All of this translates incredibly well to his new role as culinary leader at Paws Up. Jin’s dedication to excellence and his flexibility and creation of free-flowing menus learned on a global stage, along with his fondness for seafood and wild game, work well in the wilds of Montana. Lest there be any doubt about the current level of culinary excellence at Paws Up, Jin was added to the list of chefs at 2018’s prestigious Pebble Beach Food & Wine, the premier epicurean lifestyle event on the West Coast. Among its former notable chefs: Philippe Legendre, Wolfgang Puck and Thomas Keller, one of Sunny Jin’s early mentors at the French Laundry. We sat down with Chef Sunny to ask him a few questions:

Is there a particular mindset you bring to your daily menus?

I want to serve something that I would like to eat and at the same time be proud of, and of course our kitchen’s staff and our guests’ opinions matter greatly.

Are there specific things you’ve found inspiring on your foraging walks? What piques your culinary fancy?

Lots of new exciting ideas occur to me every day in Montana. It’s such an inspiring place, with culinary riches like wild huckleberries, cherries, morel mushrooms, sage, Saskatoon berries, spruce tips, purslane. And what we can do with elk, bison, duck and trout.

Is it challenging to cook for our diverse Paws Up audiences, small groups and large?

Forever the optimist, I don’t see challenges but rather pleasant surprises. I enjoy teaching our culinary team at Paws Up, as well as learning from them.

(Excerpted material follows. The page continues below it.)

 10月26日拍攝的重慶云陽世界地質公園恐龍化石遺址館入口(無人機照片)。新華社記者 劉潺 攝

What inspires the culinary staff to achieve greatness varies. It could be a tasting menu for a couple celebrating a special occasion or a group of 50 sampling various dishes at the Equestrian Center.

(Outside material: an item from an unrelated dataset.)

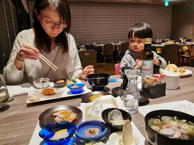 おいらは疲れたので部屋で温泉♨️入ったりゆったり。奥さんとみらんくんはお隣のラフォーレとかに探検。そしてゆったりと過し、予約したマリオット内のレストラン🍴へ。何回も泊まりに来てて初めて夕飯をコースにしたね。ビュッフェスタイルと一品運ばれるコースでしたね。

How does all of this—your rich experiences, the local sourcing—come together on a menu?

Our menus are free-flowing, and we’ve made progress in last few months from changing one thing at a time to changing three or four items while creating menu layers. We offer variety and tailor things to our guests and never sacrifice on quality or our standards. We’ll keep a large focus on cooking with Montana elk and bison and the highest quality beef. We strive to source animals fed and raised in an antibiotic- and growth-hormone-free, responsible way. Some of our recent dishes have included:

Crispy Duck Hash with Mustard Greens

Cedar Plank Salmon on Wilted Kale

Sherry-Braised Beef Short Ribs

Have you had a chance to work with some of the guest chefs at The Resort’s special culinary events?

Yes, I have. WinterFest was great. I love to see how other chefs work and engage with them. Collaboration is everything. Guest chefs help us keep it fresh and keep it engaged.

So, this area really seems to suit your “cook locally, cook sustainably” philosophy?

It does. I personally feel more driven by responsibility and less compelled by style. The reward for me is when I’m able to engage and connect with local farmers and ranchers. Their commitment to their craft and community is where I gain a sense of obligation. That obligation is then the intentional focal point in every meal.

Sounds like you are finding the kinds of local support you had hoped for?

Definitely, with Missoula and our neighboring rural communities, we are good neighbors. They may deliver food for sourcing our dishes, and if someone has a fence down, I’m more than willing to help fix it. Now that’s a culinary philosophy that’s as localized as it gets.